The Trump administration didn’t stop there. It rolled out new regulations that were expected to drive up premiums for sicker Americans. He has widened the availability of skimpy “short-term” plans that are allowed to not cover prescription drugs, maternity benefits, or people with preexisting conditions. And he has let state Medicaid programs require beneficiaries to work, a move that has led to thousands of low-income Arkansans losing coverage.

But perhaps Trump’s most revealing move is supporting a lawsuit that would eliminate Obamacare completely.

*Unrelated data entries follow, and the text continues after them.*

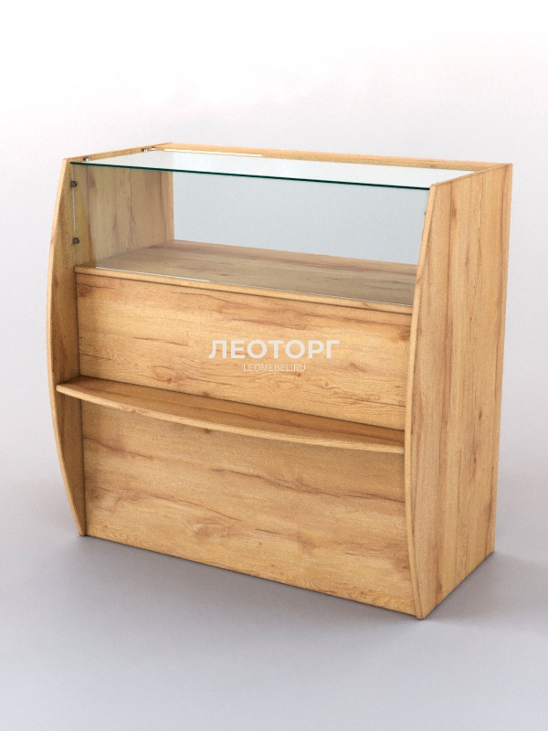 Каркас прилавка выполнен из ЛДСП. Корпус витрины - стеклянный.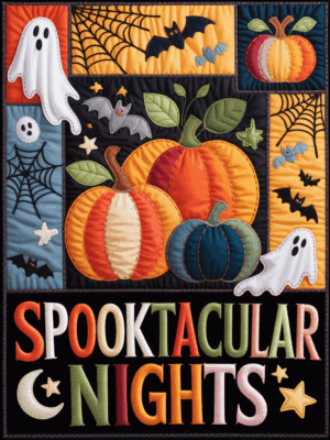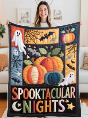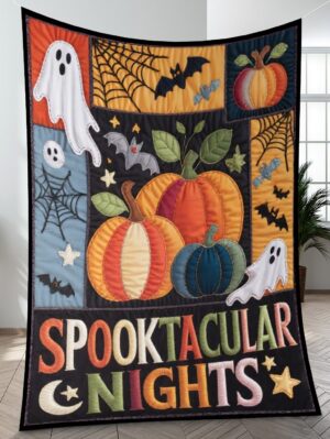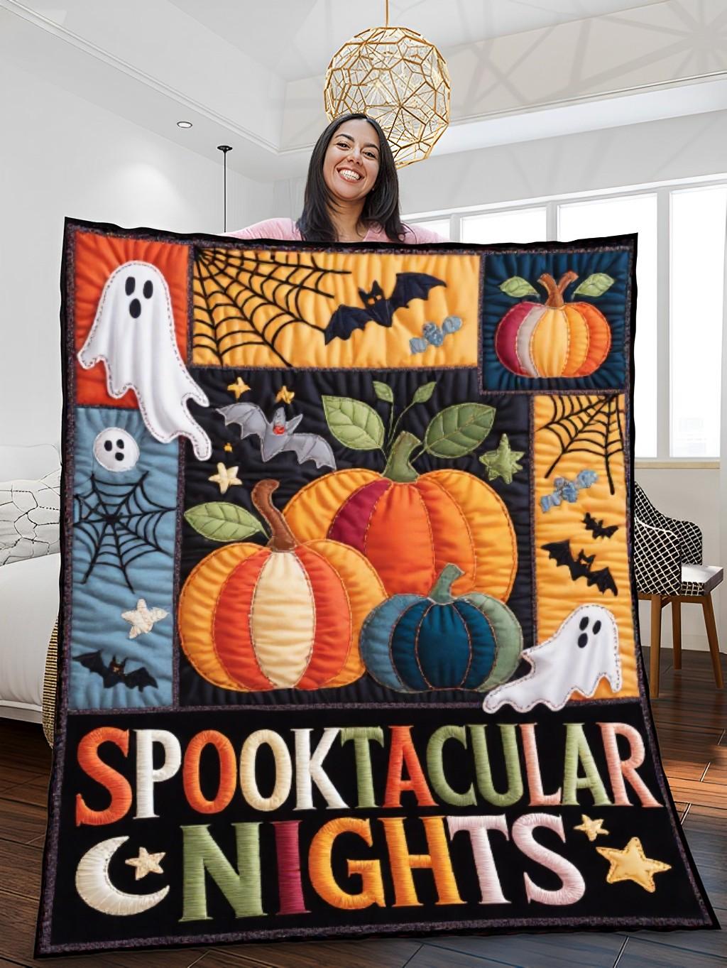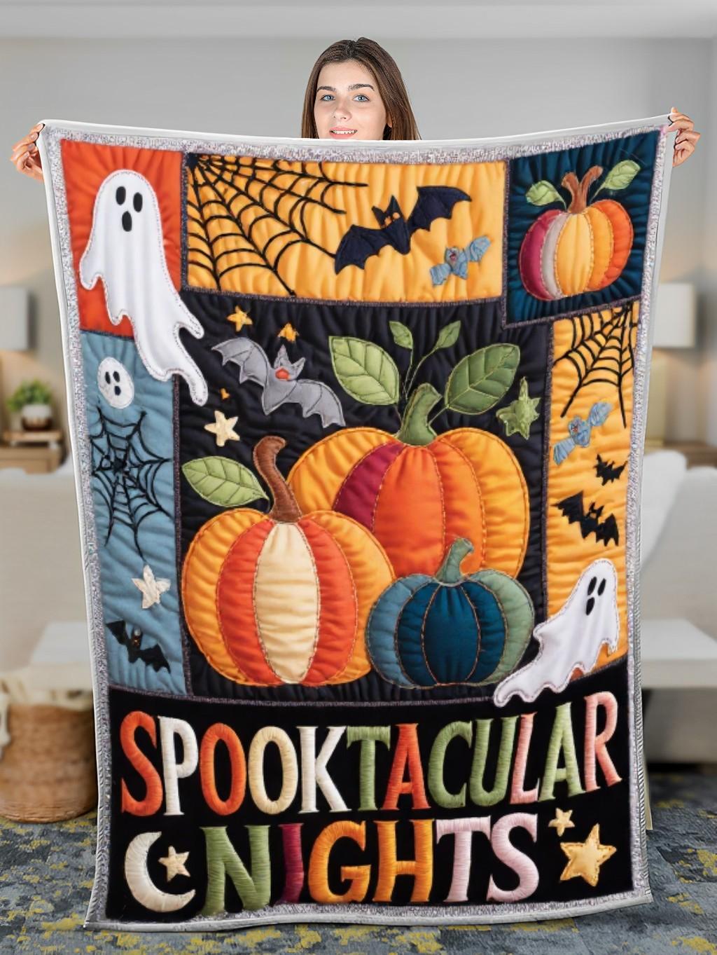 Elegant Halloween Quilted Blanket – Whimsical Pumpkins, Ghostly Ghouls, and Spooky Bats with...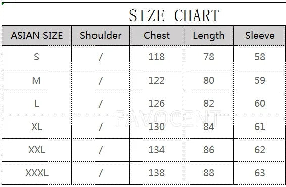 | UK Size | US Size | EU Size | Chest (cm) | Shoulder (cm) | Length (cm) | Sleeve (cm) |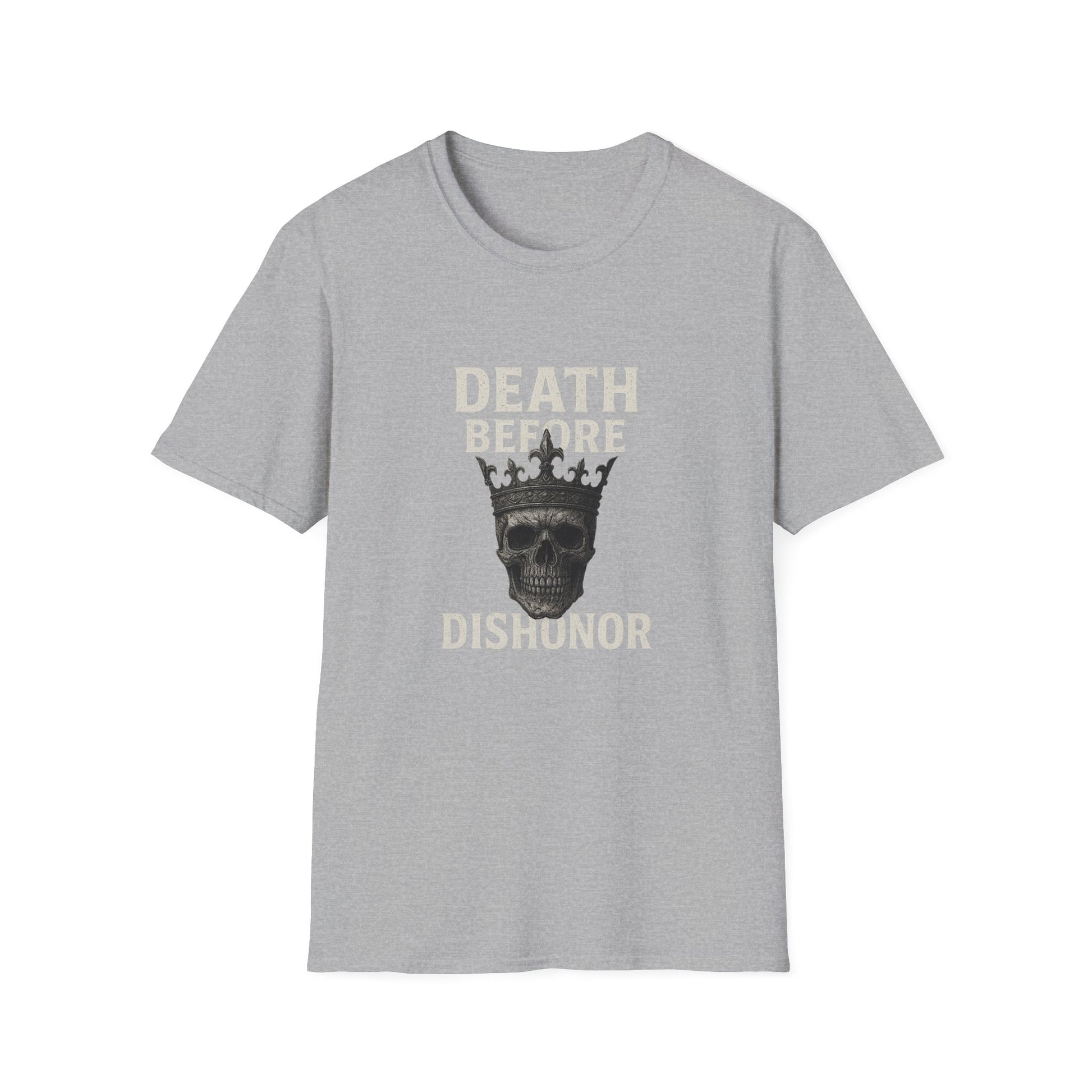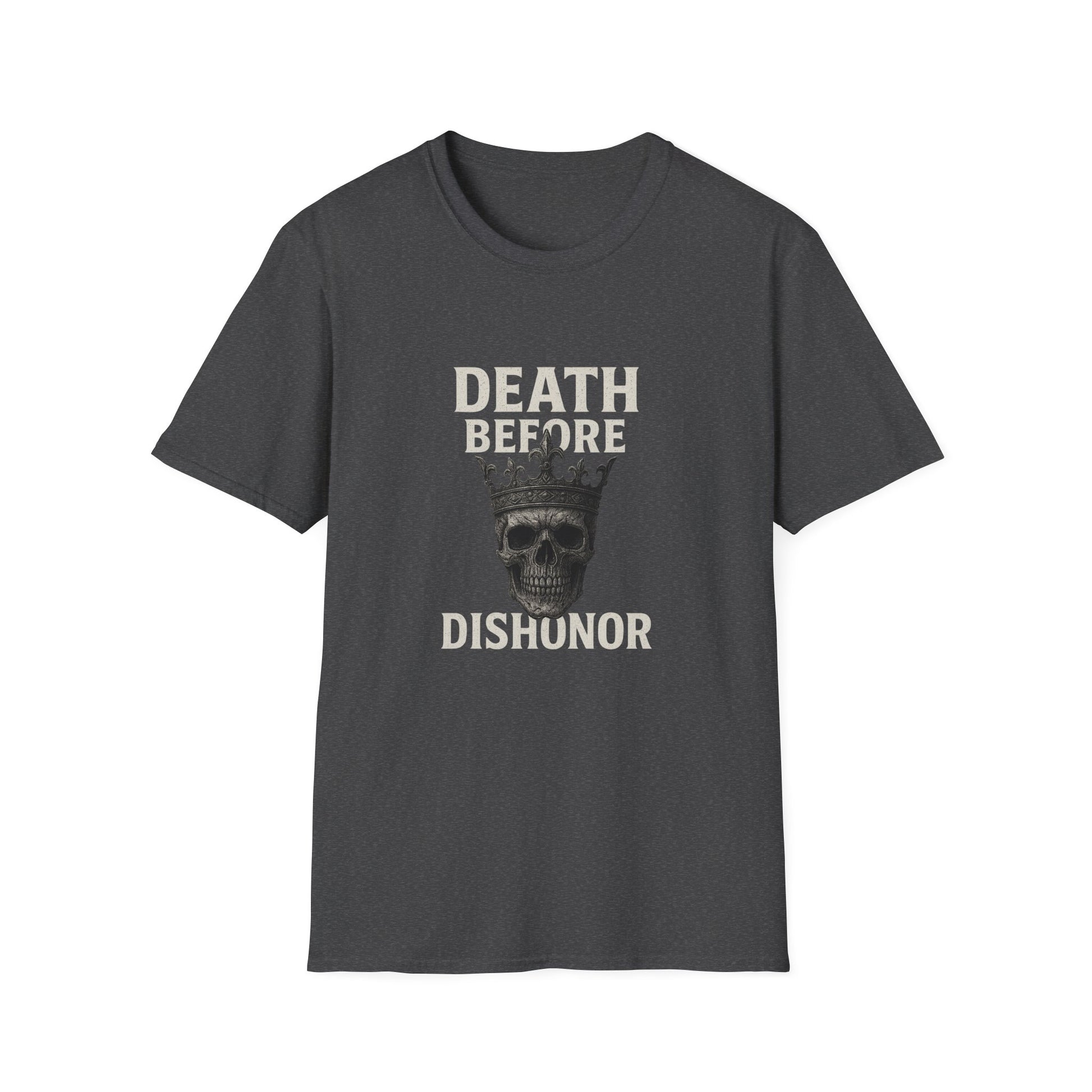 Unisex Skull Graphic T-Shirt - Death Before Dishonor, Casual Wear, Gift for Rebels, Halloween Costume, Unique Statement Tee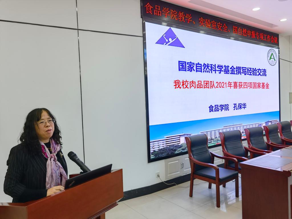 2021年,bevictor伟德国际1946肉品团队2021年喜获四项国家基金项目资助。会议最后,该团队负责人孔保华教授向全体与会教师做了专题分享报告。孔保华详尽介绍了肉品团队的教师基本情况、科研获奖、代表性科研项目、论文发表及对外交流情况,还为广大教师详细说明了国自然撰写前的准备工作,结合肉品团队的已获得的多项国家自然科学基金项目的示例,剖析了撰写项目名称、摘要、科学问题属性、立项依据、研究内容、目标和关键问题、研究方案的制定、可行性分析、特色与创新、年度计划与预期结果、研究基础等方面存在的问题和注意事项,分享了基金申报经验,对提高学院教师项目申报的积极性和基金申报质量起到了很好的促进作用。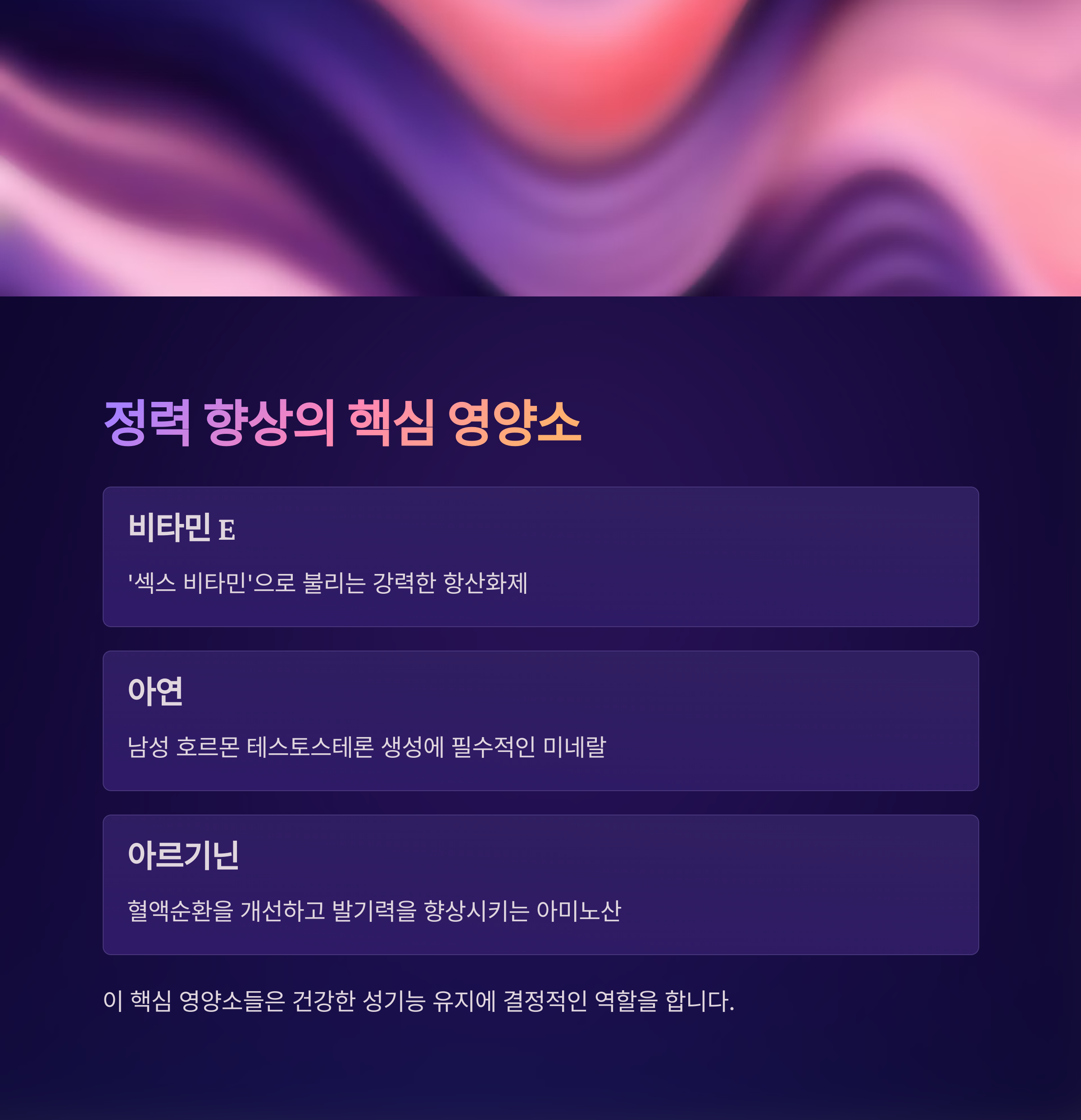 정력에 도움이 되는 영양소는 꽤 다양해요. 그 중 가장 핵심이 되는 성분은 바로 '아연'이에요. 아연은 테스토스테론 생성에 직접 관여하고, 정자 생성과 품질 유지에 필수적이죠. 굴, 소고기, 호박씨에 많이 들어 있어요.

Trump is asking the federal courts to end Obamacare and leave millions uninsured.

In early 2018, a coalition of conservative attorneys general filed a lawsuit arguing that Congress’s new tax package — and its elimination of the fine for not carrying health insurance — makes the entirety of Obamacare unconstitutional (you can read more details about the legal argument here).

Usually, a presidential administration defends current law, but the Trump administration took a different approach in this case. Last June, it agreed with the conservative states that the mandate and, with it, the law’s rules that prohibit insurers from denying people health insurance or charging them higher rates, should be found unconstitutional.

At the time, the Trump administration wasn’t fully endorsing the challengers’ view. It didn’t agree, for example, that the Medicaid expansion — which covers millions of low-income Americans — would need to fall if the mandate fell. Instead, the Trump administration argued that the parts of Obamacare with the strongest policy connections to the mandate (the ban on preexisting conditions, the requirement to offer coverage to all shoppers) would need to be struck down as well.

What the Trump administration did yesterday goes much further. Now, the government is arguing that the court should find the entirety of Obamacare unconstitutional. This would mean repealing everything from the Medicaid expansion to the provision that allows young adults to stay on their parents’ insurance until they turn 26.

If the courts does what the Trump administration wants, an estimated 19.9 million Americans would lose their health insurance coverage. The number of people who lack health insurance in Kentucky would rise by 151 percent, according to data from the nonprofit Urban Institute. In Montana, the number of uninsured would rise by 176 percent.

In fitting fashion, Donald Trump followed up the news with a tweet touting his party’s position on the issue:

Trump’s position on health care matters to voters. But he isn’t telling the truth about it.

President Trump isn’t telling the truth about his position on health care because his actual position, it turns out, isn’t very popular. Americans like the idea of making sure sick people have access to health insurance.

The Kaiser Family Foundation has found that it was the most important health care issue going into the election. For 14 percent of Americans, it was the “single most important” factor heading into the voting booth.

I saw this firsthand two years ago, when I went to Kentucky to write a story about Obamacare enrollees who voted for Trump. I asked a lot of voters: Why did you support the candidate who campaigned on getting rid of your health insurance?

I heard the same answer again and again: He promised that something better would come along. The voters I met during that reporting trip had paid attention to the election. They knew that Trump wanted to repeal Obamacare. But they also listened to the promises that came after that: His repeated claims that he would come up with something better to replace it.

Americans are listening to the claims Trump makes about health care. They are hearing him say he wants “insurance for everyone.” They listen when he says he has a plan.

But everything I’ve seen covering the Obamacare repeal debate — from the bills on Capitol Hill to this lawsuit filing— tells me that Trump is not interested in protecting preexisting conditions. There isn’t a plan to create coverage for everybody, and there never will be.